* _Data extract_
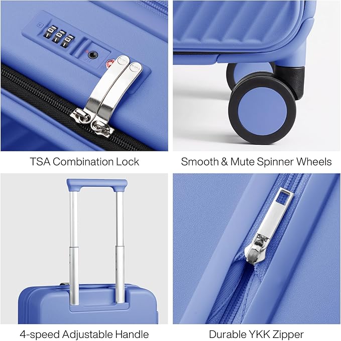 - 【Quality Accessories】High-precision dual-row spinner wheels are durable and smooth, adaptable to various surfaces including cobblestone roads and carpets. YKK brand zipper designed for long term use; TSA combination lock can easily pass most international countries customs security check without damaged the suitcase
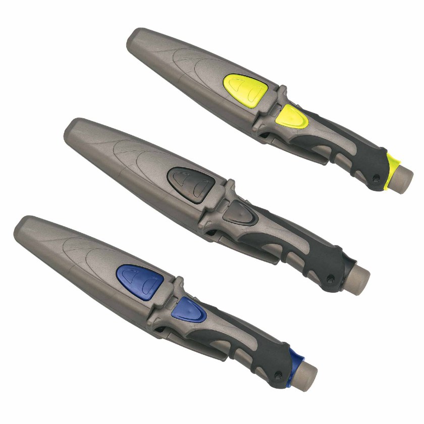 • ألوان مقبض السكين تبقى سوداء / فضية رمادية ، ويمكن تغيير زر ضغط الغمد ومشابك المقبض بثلاثة ألوان مختلفة لاختيار الغواصين.
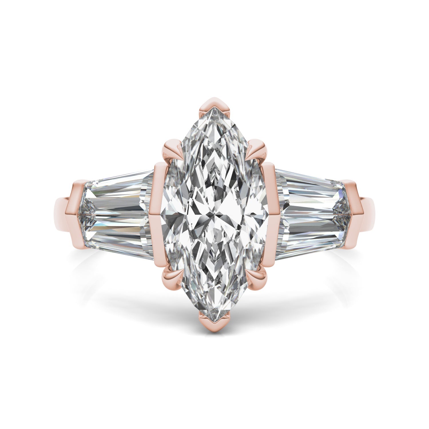 Bold and Geometric, this marquise engagement ring, with double baguette accents, was made for the lady who wants to stand out! The rose gold band accentuates the bling while maintaining a dainty and artistic feel.

* _Problem requirements_
Could you transcribe all of the data exactly, keeping every picture out of the copy?

* _Response_
 - 【Quality Accessories】High-precision dual-row spinner wheels are durable and smooth, adaptable to various surfaces including cobblestone roads and carpets. YKK brand zipper designed for long term use; TSA combination lock can easily pass most international countries customs security check without damaged the suitcase
 • ألوان مقبض السكين تبقى سوداء / فضية رمادية ، ويمكن تغيير زر ضغط الغمد ومشابك المقبض بثلاثة ألوان مختلفة لاختيار الغواصين.
 Bold and Geometric, this marquise engagement ring, with double baguette accents, was made for the lady who wants to stand out! The rose gold band accentuates the bling while maintaining a dainty and artistic feel.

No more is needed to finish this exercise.